Recently, the HEVC [1] has become the top technology in the field of video coding. Compared to the predecessor video coding H264, HEVC (H.265) is an efficient technology that allows saving twice bandwidth while unchanged video resolution. The first version of HEVC achieved an approximately 50% bitrate reduction compared to its predecessor H.264/AVC with equivalent subjective quality [2]. Over the past few years, many video transmission systems, CCTV systems, or online video services have gradually moved to the HEVC application, which increases bandwidth responsiveness. Hence, current video service platforms need to upgrade their construction to support HEVC coding. However, HEVC implementation also has limitations such as high cost, system complexity, compatibility with existing video service systems. Therefore, in current times, the H.264-AVC codec [3] is still an effective choice.

Video codec H.264/AVC is able to encode and decode video at a low cost in terms of processing time and resource usage. The main drawback of H.264 is bandwidth when compared to H.265/HEVC. Especially in real-time streaming systems, the bandwidth limitation has become even more urgent in multi-channel contexts. Hence, to advance the efficiency of H.264 video streaming services, we propose a solution to improve the streaming's bandwidth using a private designed IC that comes with the H.264 video codec and PCM audio inside. We implemented the designed IC within a private network processor to efficiently embed the H.264/AVC codec. By deploying the encoder and decoder under kernel space in both sides (server and client), the proposed system isable to minimize processing time thereby improving overall performance.

In addition, to increase the performance of video streaming over the internet environment, we also developed an adaptive transport protocol based on the Real-Time Transport Protocol (RTP). The implementation of the customized protocol has been done according to [4] and [5]. The customized protocol called QRTP, allows the video streaming system to be able to meet real-timestream with an average bitrate of approximately 50 Mbps. Finally, the H.264 and QRTP are deployed under Linux kernel space, then this idea allows us to apply HEVC codec into designed IC similar to H.264.

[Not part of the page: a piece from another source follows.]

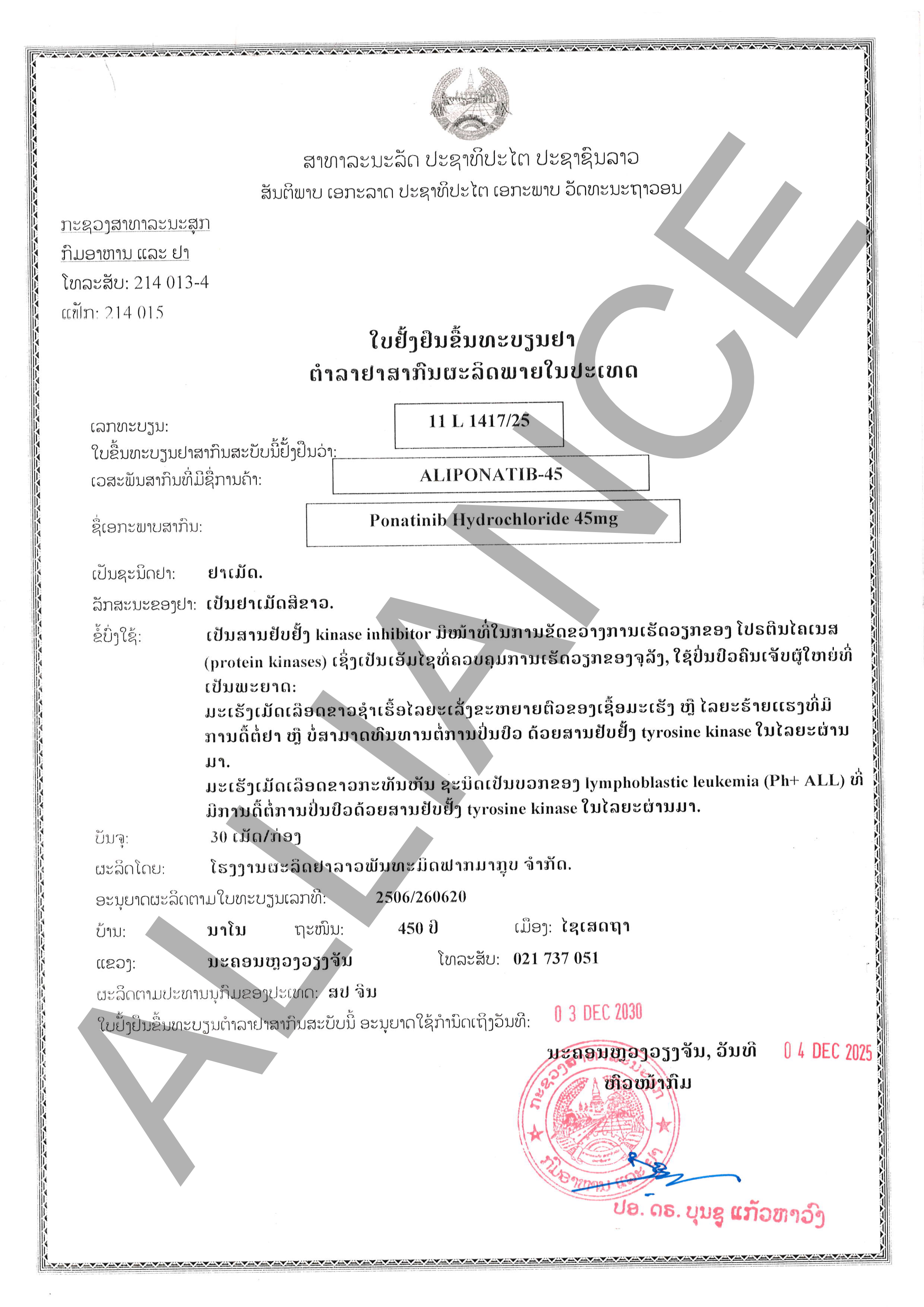 | 品名 | 盐酸泊那替尼片45mg | ||

The remainder of this paper is divided into sections as follows: Section 2 describes the main idea of the proposed method based on the video coding point of view and RTP protocol. Section 3 provides the outcome of the performance of the proposed system. Finally, section 4 shows the conclusions of the proposed method and gives further research.

2. QRTP Streaming System

2.1 The proposed streaming system

As shown in Figure 1, the proposed solution provides an overview of efficient streaming service according to video encoder and decoder on designed IC. Video sources such as cameras, mini PC, etc. transmit video frames into the Tx device via HDMI connection. Next step, Tx's encoder encodes these frames into a video bitstream using H.264 or HEVC codecs. The video bitstream is organized as a sequence of Network Abstract Layer (NAL) packets. To transmit NAL packets to client, QRTP will attach each NAL packet as the payload field of a QRTP packet. We implemented a real-time transport protocol QRTP based on RTP [5].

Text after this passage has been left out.